## Task
Only the pictures are to be dropped; the rest of the data below is to be duplicated exactly.
═════ Data excerpt
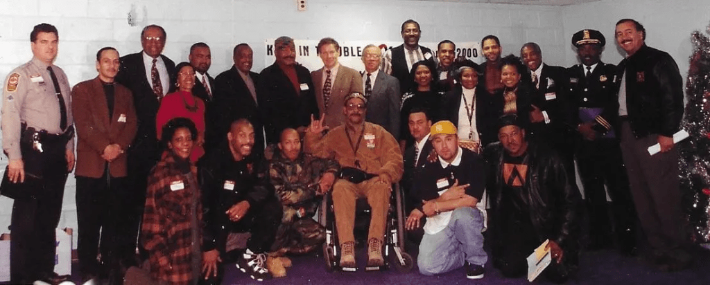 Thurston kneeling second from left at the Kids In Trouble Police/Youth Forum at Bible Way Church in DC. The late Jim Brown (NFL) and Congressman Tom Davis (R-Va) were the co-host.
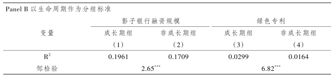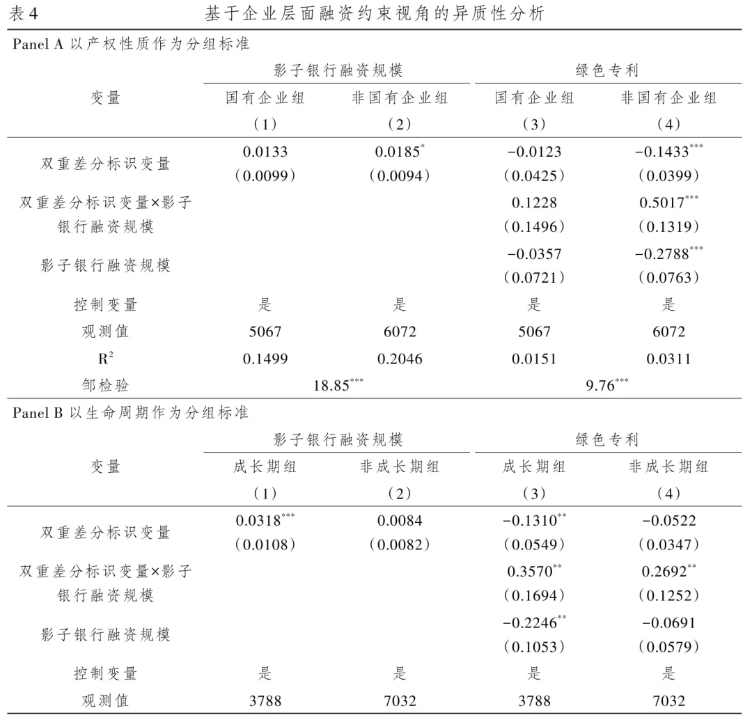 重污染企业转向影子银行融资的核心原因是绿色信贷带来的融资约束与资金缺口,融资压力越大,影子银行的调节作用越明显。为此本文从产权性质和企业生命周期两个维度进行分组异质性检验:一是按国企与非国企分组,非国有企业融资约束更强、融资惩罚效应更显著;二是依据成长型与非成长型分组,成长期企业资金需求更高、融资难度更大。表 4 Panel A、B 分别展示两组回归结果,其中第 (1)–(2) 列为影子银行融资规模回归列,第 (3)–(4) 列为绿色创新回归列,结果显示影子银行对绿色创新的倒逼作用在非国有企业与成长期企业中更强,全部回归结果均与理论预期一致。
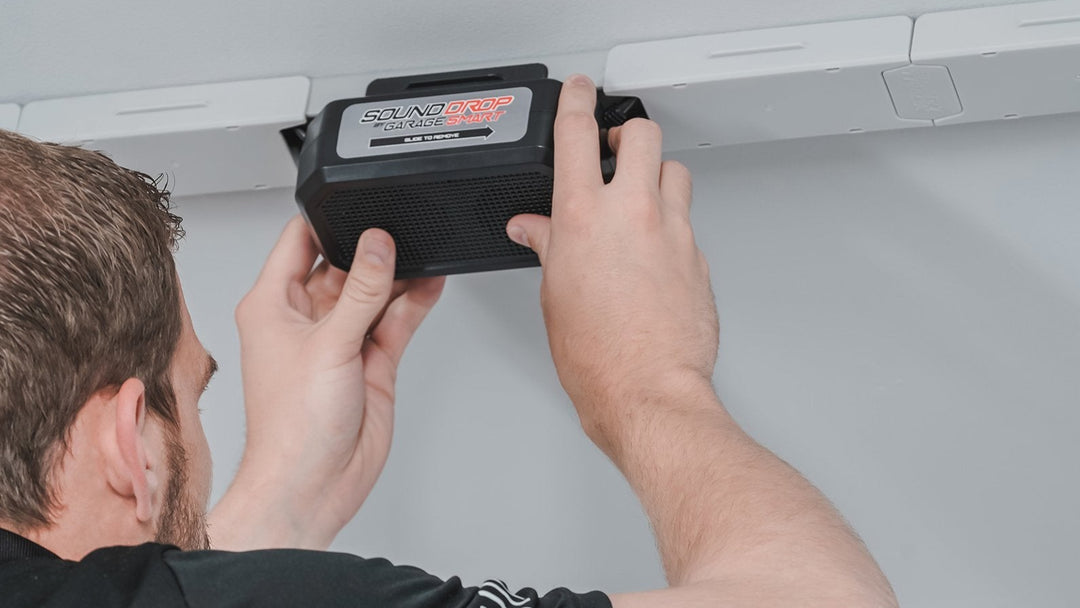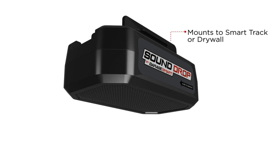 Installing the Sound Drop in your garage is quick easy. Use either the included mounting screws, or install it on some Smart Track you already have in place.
══════════
## Expected output
 Thurston kneeling second from left at the Kids In Trouble Police/Youth Forum at Bible Way Church in DC. The late Jim Brown (NFL) and Congressman Tom Davis (R-Va) were the co-host.
 重污染企业转向影子银行融资的核心原因是绿色信贷带来的融资约束与资金缺口,融资压力越大,影子银行的调节作用越明显。为此本文从产权性质和企业生命周期两个维度进行分组异质性检验:一是按国企与非国企分组,非国有企业融资约束更强、融资惩罚效应更显著;二是依据成长型与非成长型分组,成长期企业资金需求更高、融资难度更大。表 4 Panel A、B 分别展示两组回归结果,其中第 (1)–(2) 列为影子银行融资规模回归列,第 (3)–(4) 列为绿色创新回归列,结果显示影子银行对绿色创新的倒逼作用在非国有企业与成长期企业中更强,全部回归结果均与理论预期一致。
 Installing the Sound Drop in your garage is quick easy. Use either the included mounting screws, or install it on some Smart Track you already have in place.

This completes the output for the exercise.